The Albany Guiding Eyes confirmed today they will be setting up a tent at Ryleys Run with information for anyone interested and also that they will have three pups in training with them as well. Just wanted to let everyone know who is coming. It will be nice to have them and the SUNY K9 Unit as well.


----------



## Maggies mom (Jan 6, 2006)

I love watching the seeing eye dogs in training .... Sounds like your gunna have alot of ppl there this year........


----------



## Oaklys Dad (Dec 28, 2005)

That's great Donna! Oakly got to play with a guide puppy in training last weekend at my sisters place. Can't wait to see the pups they bring over.


----------



## vrocco1 (Feb 25, 2006)

Darn! Albany is just too far. I'd love to see them.


----------



## sharlin (Feb 26, 2007)

What a great, great group to have at RR---kinda got me a'thinkin there Donna.


----------



## GoldenJoyx'stwo (Feb 25, 2007)

I'd love to learn more. One never knows when one my be in need of a wonderful assistant...


----------



## Oaklys Dad (Dec 28, 2005)

Kimm said:


> I'd love to learn more. One never knows when one my be in need of a wonderful assistant...

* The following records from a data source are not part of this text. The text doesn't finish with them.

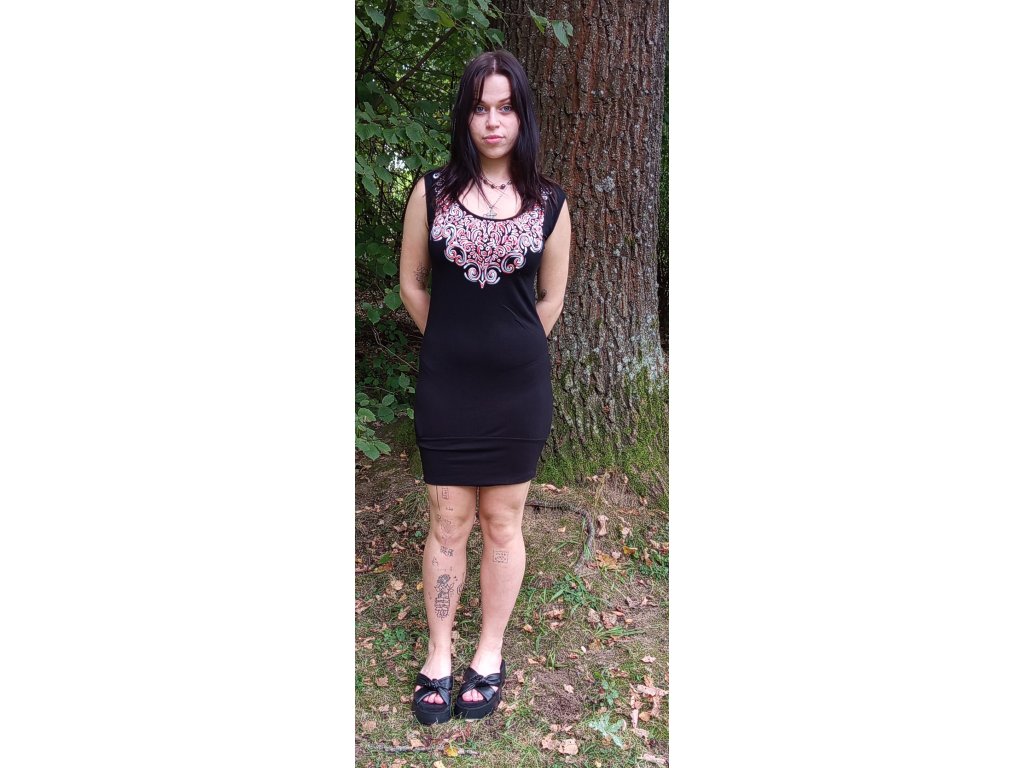 Černé pohodlné šaty s elastenem celkově volnější dole s širokou pevnější manžetou také pružnou. Klasická podprsenka je vzadu vidět, lépe zvolit jinou alternativu. Dekor 4erveno- bílé arabesky. Velikost S, materiál s elastenem.
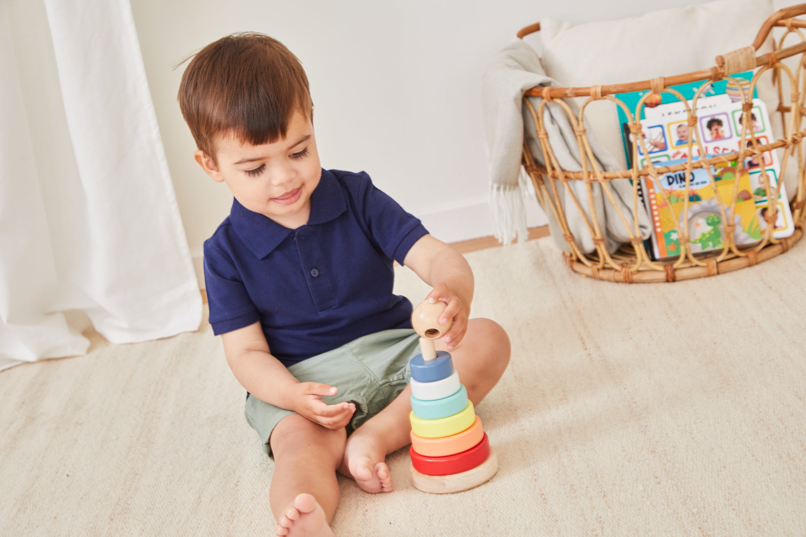 The stacking rings are a great way to help develop babies' problem-solving skills, spatial intelligence and fine motor skills. Because the toy comes in different colors, it also helps in their visual development.
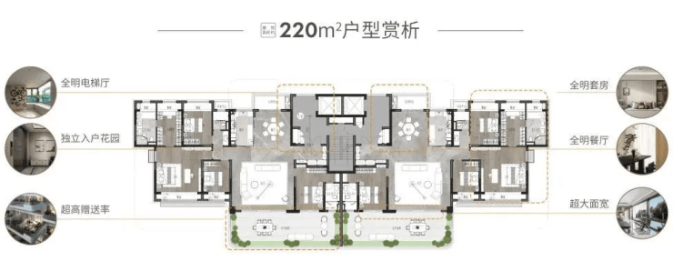 核心亮点: 一梯一户、超大面宽、独立入户花园、超大南向空中庭院赠送。
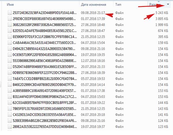 Знаходимо кеш в браузері і дивимося на вміст папки. Сортуємо файли за розміром, потім за датою зміни. Розмір файлу повинен приблизно дорівнювати розміру завантажується вами пісні, а час і дата збігатися з часом, коли ви відтворювали цю пісню у себе в аудіозаписах Вконтакте:
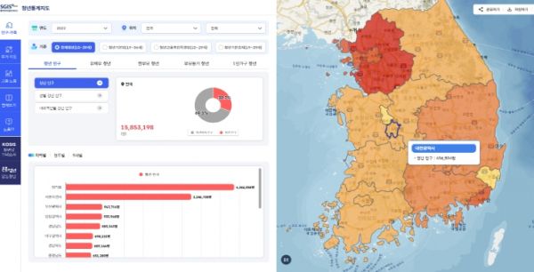 [경기연합신문 ] 통계청은 청년통계등록부를 활용하여 청년의 특성별 인구, 주거 형태, 취업 활동 등 사회·경제적 삶의 수준과 질의 변화를 시각화한 “청년통계지도”를 통계지리정보서비스(SGIS)를 통해 6월 18일부터 서비스한다.
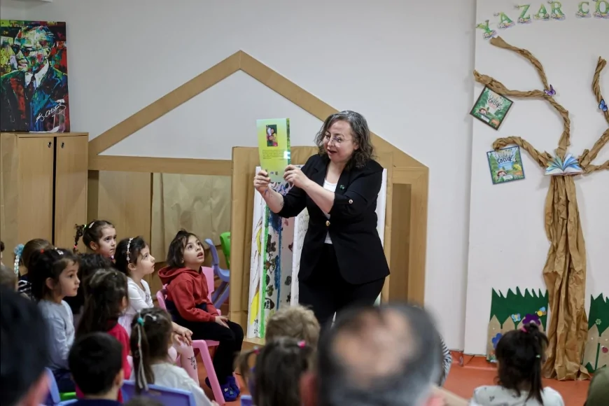 Okul öncesi öğretmeni Nilay Yücel, depremde hayatını kaybeden kızlarının anısını yaşatmak amacıyla kaleme aldığı “Vera & Lena Doğada Neler Oluyor?” adlı kitabı çocuklara okudu. Aynı zamanda 22 öğrencisi bulunan bir okul öncesi öğretmeni olduğunu belirten Yücel, depremi ve doğa olaylarını çocukların anlayabileceği bir dil ve hikâye anlatımıyla anlattı.

Kimm, this is the Guiding Eyes for the Blind site. This is the one my sister is affiliated with and raises puppies for.

Guiding Eyes for The Blind: GuidingEyes.Org Guiding Eyes for the Blind - Seeing Eye Dog - Trained Guide Dogs - New York

She and I stopped at the breeding facility in Patterson NY last year on the way back from Ryleys and got to play with the pups of one of the pups she had raised. Great fun!


----------



## Brinkleysmom (Dec 17, 2005)

Oaklys Dad said:


> That's great Donna! Oakly got to play with a guide puppy in training last weekend at my sisters place. Can't wait to see the pups they bring over.


Rob if your sister is driving over with you again this year, you should have her come to the run and talk with those guys. Those girls are so nice. I love seeing the pups.


----------



## Brinkleysmom (Dec 17, 2005)

vrocco1 said:


> Darn! Albany is just too far. I'd love to see them.


Hey Rob, if Maribeth is bringing her RV, from West Virginia, get on the highway and put your thumb out along the route. She will stop and pick you up along the way I am sure. LOL!!! Maybe next year, there will be one in Maryland. One can hope.


----------



## Brinkleysmom (Dec 17, 2005)

sharlin said:


> What a great, great group to have at RR---kinda got me a'thinkin there Donna.


Steve, I think between you, myself and Sharon, we have been bouncing ideas off of each other since the onset. It works quite well too. Thanks


----------



## moverking (Feb 26, 2007)

Wow....this event just keeps growing and growing....I'm so impressed.

And hey..Do I need to make the RV The "Ryley's Run Transport vehicle? We pick up the stragglers? LOL....

Actually, we will probably stay at the Best Western with you all and plan a camping trip for the sanctuary opening.....or in the Fall. 
If you'll still have us...


----------



## GoldenJoyx'stwo (Feb 25, 2007)

I may be coming up on Saturday morning now and staying Saturday night. Not sure yet. I can't wait to meet the pups. I belong to one of the seeing eye groups, but I can't remember which?:doh:


----------